The council’s deputy leader Julie Grocutt told Now Then the city would be “absolutely honoured” to hold the competition, adding that the city is “no stranger to hosting major international events.”

“We reach out to offer our city not only as a place of sanctuary, but as a place to celebrate the unity and togetherness that Eurovision symbolises.”

Grocutt confirmed that the Council have contacted Eurovision organisers and the UK government to express their interest.

Since 1956 Sheffield has been twinned with the eastern Ukrainian city of Donetsk, which is currently illegally occupied by a Russian puppet government.

Ukraine won this year’s Eurovision in Turin, but tournament organisers have since confirmed they will not be able to host next year’s show (as is tradition) due to safety concerns.

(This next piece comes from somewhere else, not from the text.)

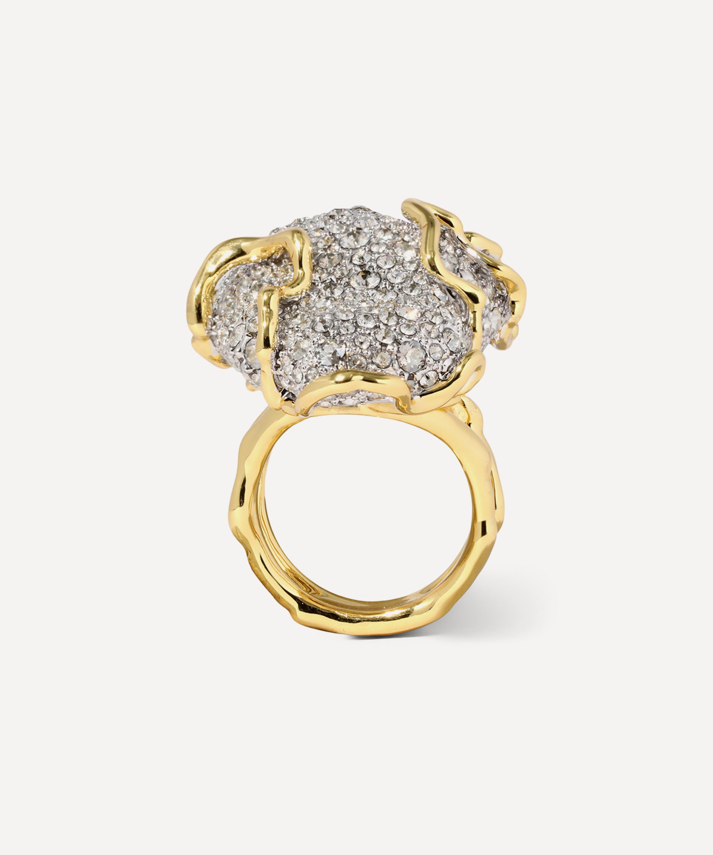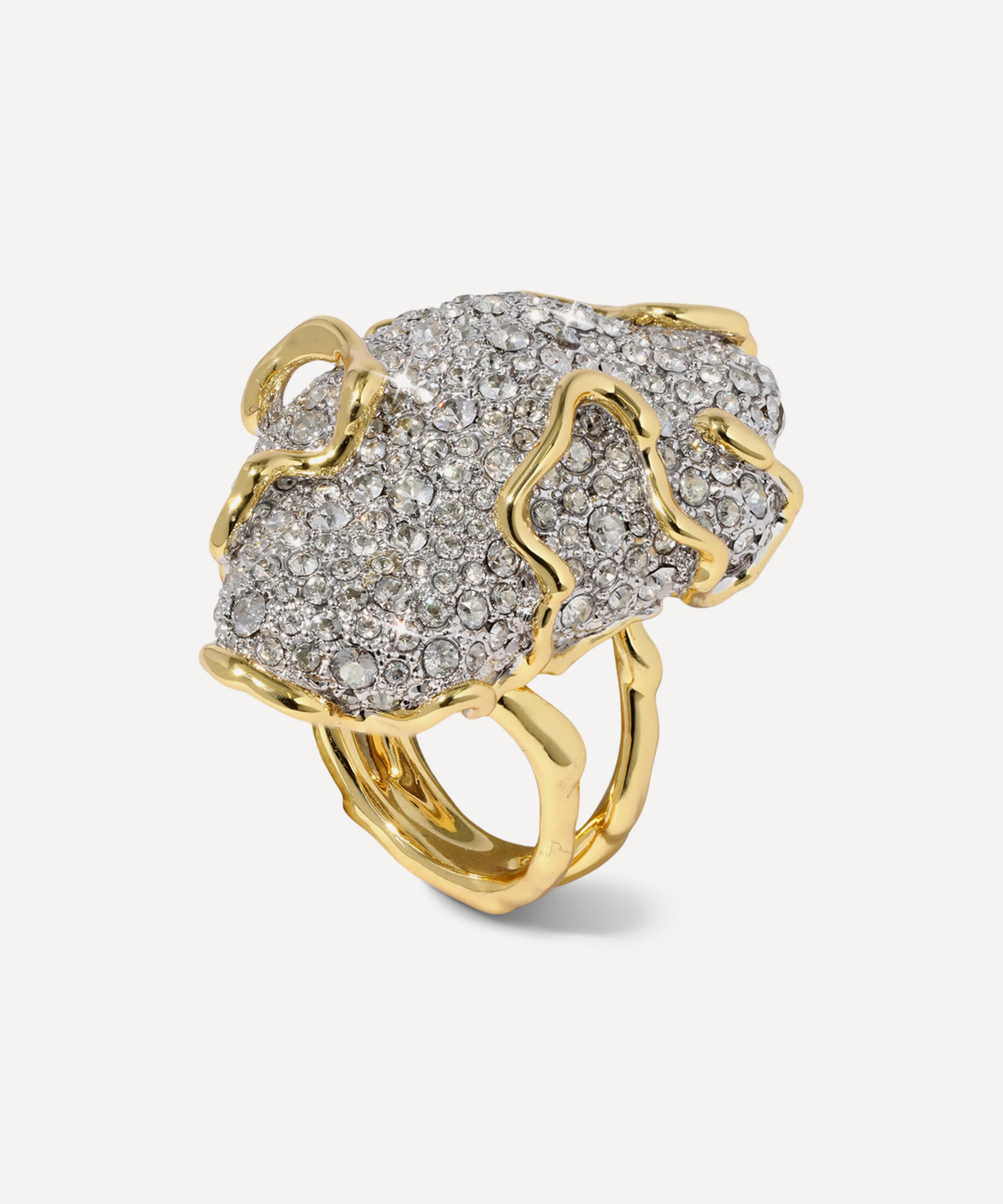 14ct Gold-Plated Solanales Crystal Pavé Pebble Ring

Talks have opened with the BBC about hosting the contest in the UK, who came second this year with Sam Ryder’s ‘SPACE MAN’.

Cities including Glasgow, Leeds and Liverpool have also expressed an interest in playing host, which involves a massive logistical undertaking for a show watched by 161 million people around the world.

Miskell’s suggestion of Sheffield has already been backed by council leader Terry Fox and South Yorkshire mayor Oliver Coppard.

“If Sheffield want to put in a bid I will get absolutely right behind that and do whatever I can,” Coppard told BBC Radio Sheffield. “As long as they don’t ask me to sing I'll be more than happy.”